_ACTION ITEM_. Quote the entries word for word. Omit the pictures.

[Stored entries]
=== Begin Enclosure ===
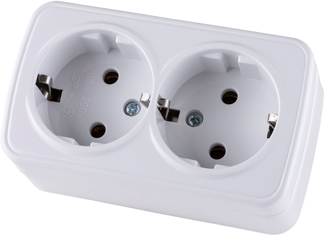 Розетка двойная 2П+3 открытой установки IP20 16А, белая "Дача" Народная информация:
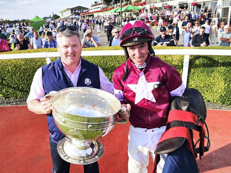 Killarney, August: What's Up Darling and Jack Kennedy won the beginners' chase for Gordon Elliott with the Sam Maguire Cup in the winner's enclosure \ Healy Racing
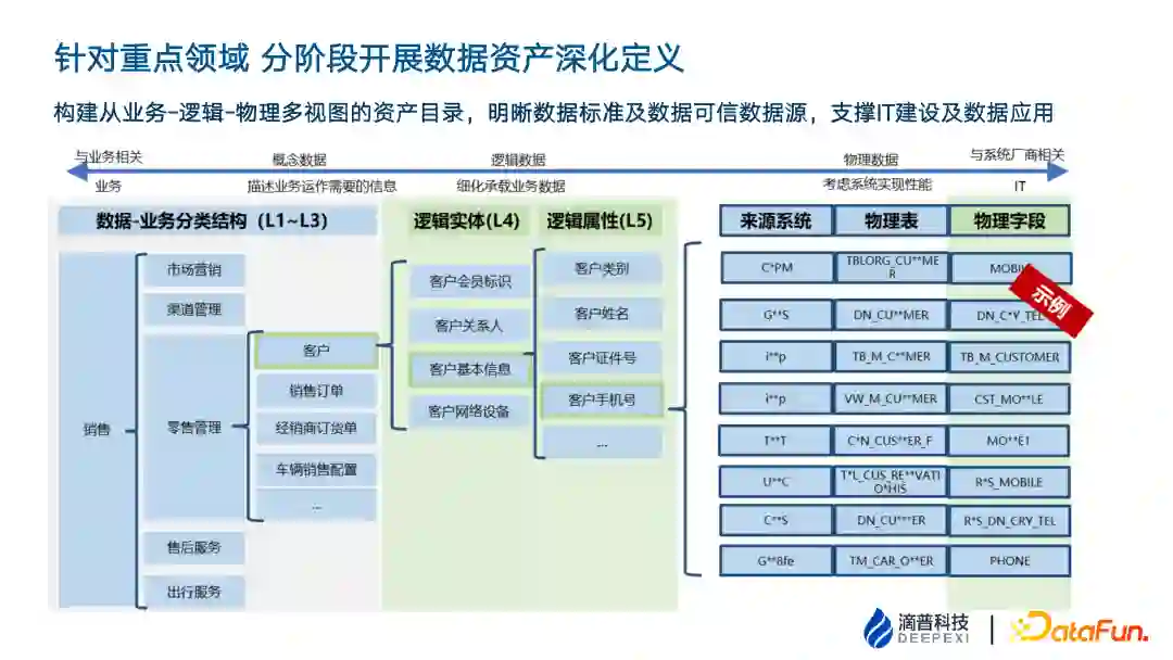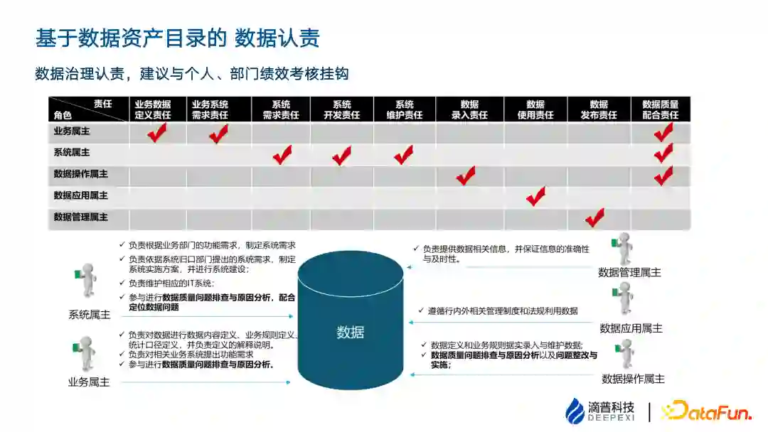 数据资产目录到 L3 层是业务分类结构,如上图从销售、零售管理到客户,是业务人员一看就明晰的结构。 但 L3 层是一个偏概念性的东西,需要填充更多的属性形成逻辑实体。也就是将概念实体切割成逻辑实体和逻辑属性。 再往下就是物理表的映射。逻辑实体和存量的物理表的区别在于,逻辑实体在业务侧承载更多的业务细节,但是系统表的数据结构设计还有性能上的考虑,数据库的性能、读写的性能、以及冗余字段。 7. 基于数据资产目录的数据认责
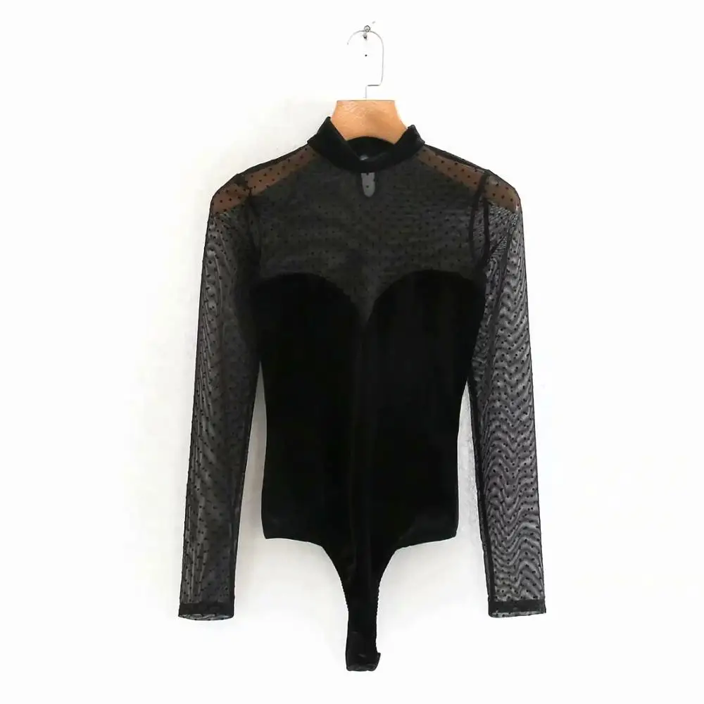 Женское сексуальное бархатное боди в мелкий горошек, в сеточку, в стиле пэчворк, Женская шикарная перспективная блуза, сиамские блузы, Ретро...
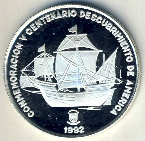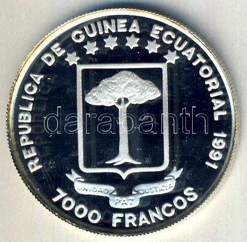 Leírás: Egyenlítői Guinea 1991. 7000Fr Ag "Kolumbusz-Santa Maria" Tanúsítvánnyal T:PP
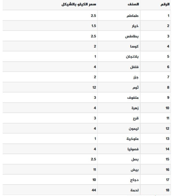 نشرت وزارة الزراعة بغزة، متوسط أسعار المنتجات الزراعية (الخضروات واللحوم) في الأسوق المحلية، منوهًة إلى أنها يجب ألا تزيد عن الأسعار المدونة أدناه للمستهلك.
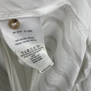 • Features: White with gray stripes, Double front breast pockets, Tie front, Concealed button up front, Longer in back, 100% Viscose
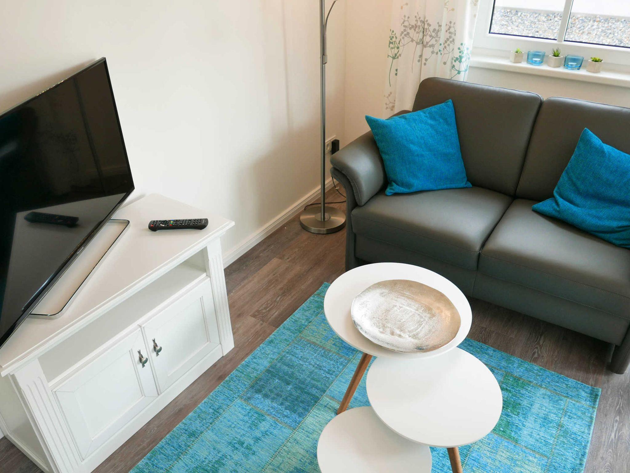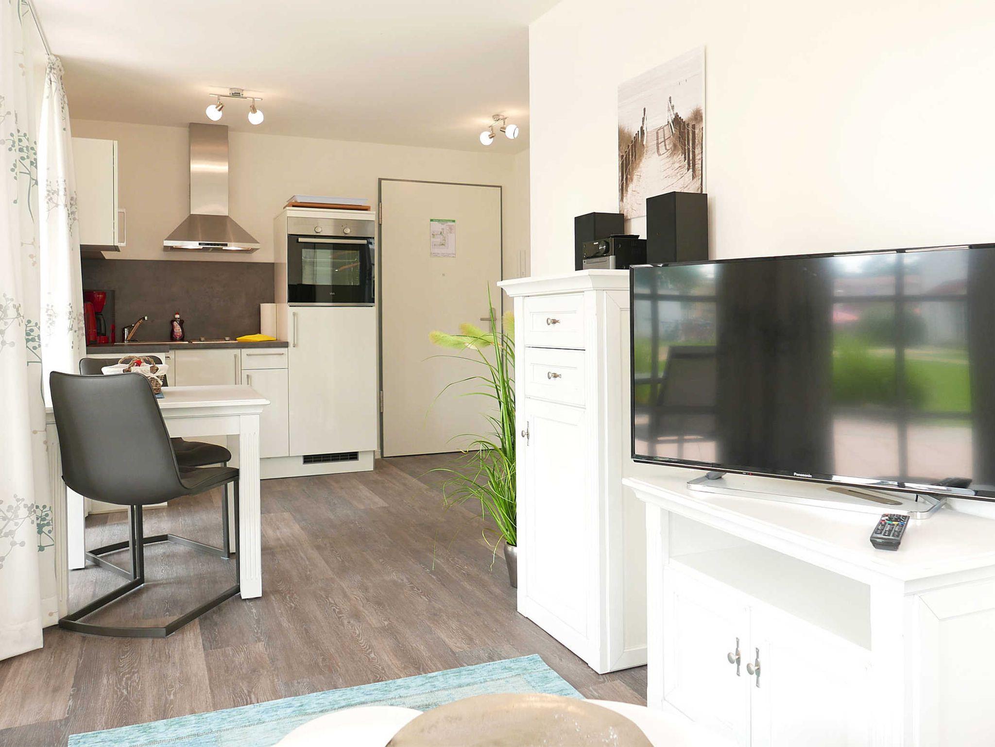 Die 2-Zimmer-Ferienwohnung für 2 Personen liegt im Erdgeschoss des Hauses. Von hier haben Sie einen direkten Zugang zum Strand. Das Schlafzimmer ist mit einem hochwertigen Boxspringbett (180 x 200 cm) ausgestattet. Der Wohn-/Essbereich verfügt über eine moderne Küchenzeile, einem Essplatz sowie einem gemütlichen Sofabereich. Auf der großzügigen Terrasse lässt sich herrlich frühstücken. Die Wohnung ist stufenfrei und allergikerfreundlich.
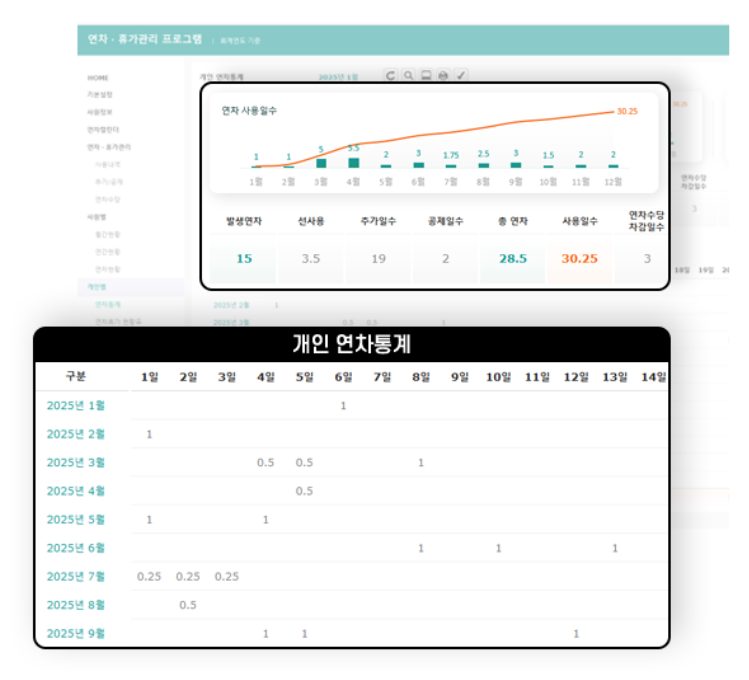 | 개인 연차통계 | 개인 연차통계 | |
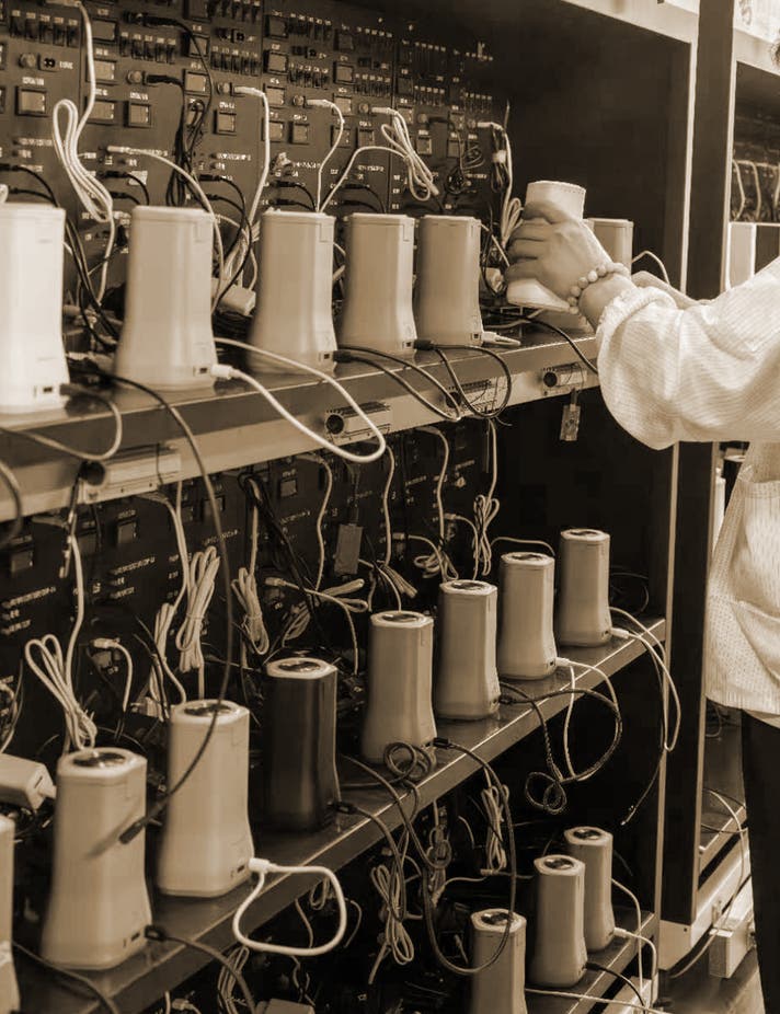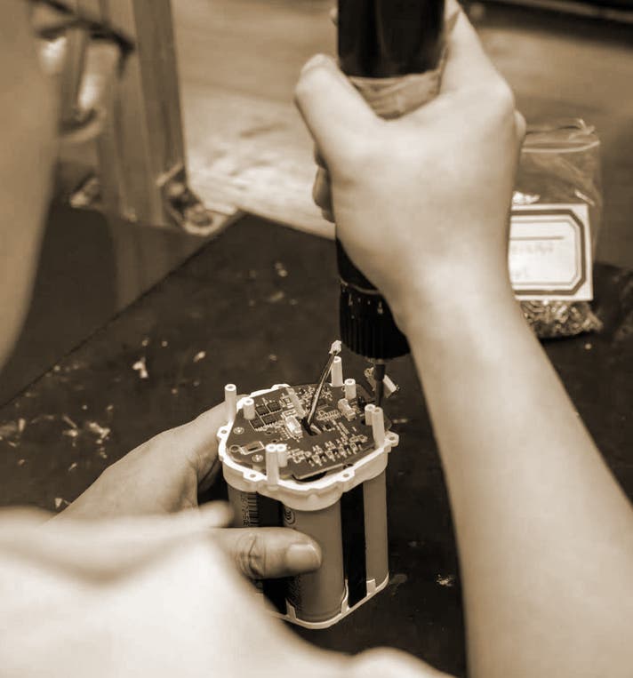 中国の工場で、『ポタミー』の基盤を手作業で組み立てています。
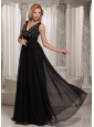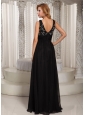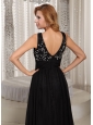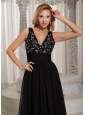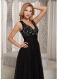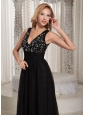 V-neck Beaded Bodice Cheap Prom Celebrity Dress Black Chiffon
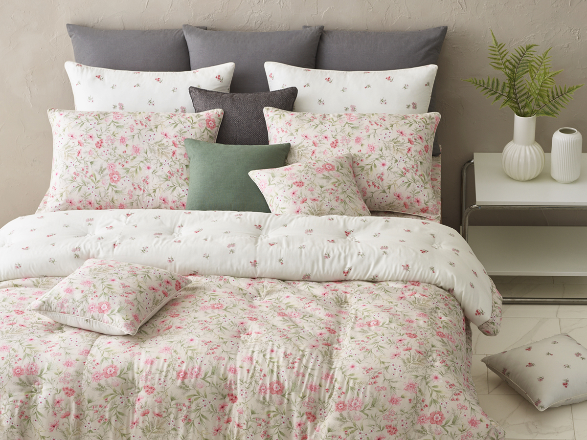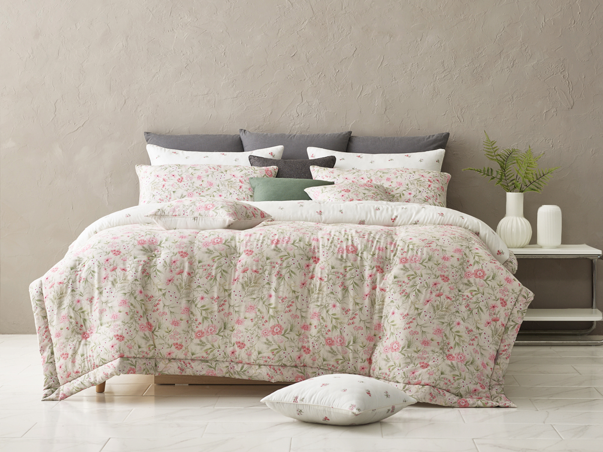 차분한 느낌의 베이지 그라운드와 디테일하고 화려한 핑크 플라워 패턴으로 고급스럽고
=== End Enclosure ===
_TASK ANSWER_.
 Розетка двойная 2П+3 открытой установки IP20 16А, белая "Дача" Народная информация:
 Killarney, August: What's Up Darling and Jack Kennedy won the beginners' chase for Gordon Elliott with the Sam Maguire Cup in the winner's enclosure \ Healy Racing
 数据资产目录到 L3 层是业务分类结构,如上图从销售、零售管理到客户,是业务人员一看就明晰的结构。 但 L3 层是一个偏概念性的东西,需要填充更多的属性形成逻辑实体。也就是将概念实体切割成逻辑实体和逻辑属性。 再往下就是物理表的映射。逻辑实体和存量的物理表的区别在于,逻辑实体在业务侧承载更多的业务细节,但是系统表的数据结构设计还有性能上的考虑,数据库的性能、读写的性能、以及冗余字段。 7. 基于数据资产目录的数据认责
 Женское сексуальное бархатное боди в мелкий горошек, в сеточку, в стиле пэчворк, Женская шикарная перспективная блуза, сиамские блузы, Ретро...
 Leírás: Egyenlítői Guinea 1991. 7000Fr Ag "Kolumbusz-Santa Maria" Tanúsítvánnyal T:PP
 نشرت وزارة الزراعة بغزة، متوسط أسعار المنتجات الزراعية (الخضروات واللحوم) في الأسوق المحلية، منوهًة إلى أنها يجب ألا تزيد عن الأسعار المدونة أدناه للمستهلك.
 • Features: White with gray stripes, Double front breast pockets, Tie front, Concealed button up front, Longer in back, 100% Viscose
 Die 2-Zimmer-Ferienwohnung für 2 Personen liegt im Erdgeschoss des Hauses. Von hier haben Sie einen direkten Zugang zum Strand. Das Schlafzimmer ist mit einem hochwertigen Boxspringbett (180 x 200 cm) ausgestattet. Der Wohn-/Essbereich verfügt über eine moderne Küchenzeile, einem Essplatz sowie einem gemütlichen Sofabereich. Auf der großzügigen Terrasse lässt sich herrlich frühstücken. Die Wohnung ist stufenfrei und allergikerfreundlich.
 | 개인 연차통계 | 개인 연차통계 | |
 中国の工場で、『ポタミー』の基盤を手作業で組み立てています。
 V-neck Beaded Bodice Cheap Prom Celebrity Dress Black Chiffon
 차분한 느낌의 베이지 그라운드와 디테일하고 화려한 핑크 플라워 패턴으로 고급스럽고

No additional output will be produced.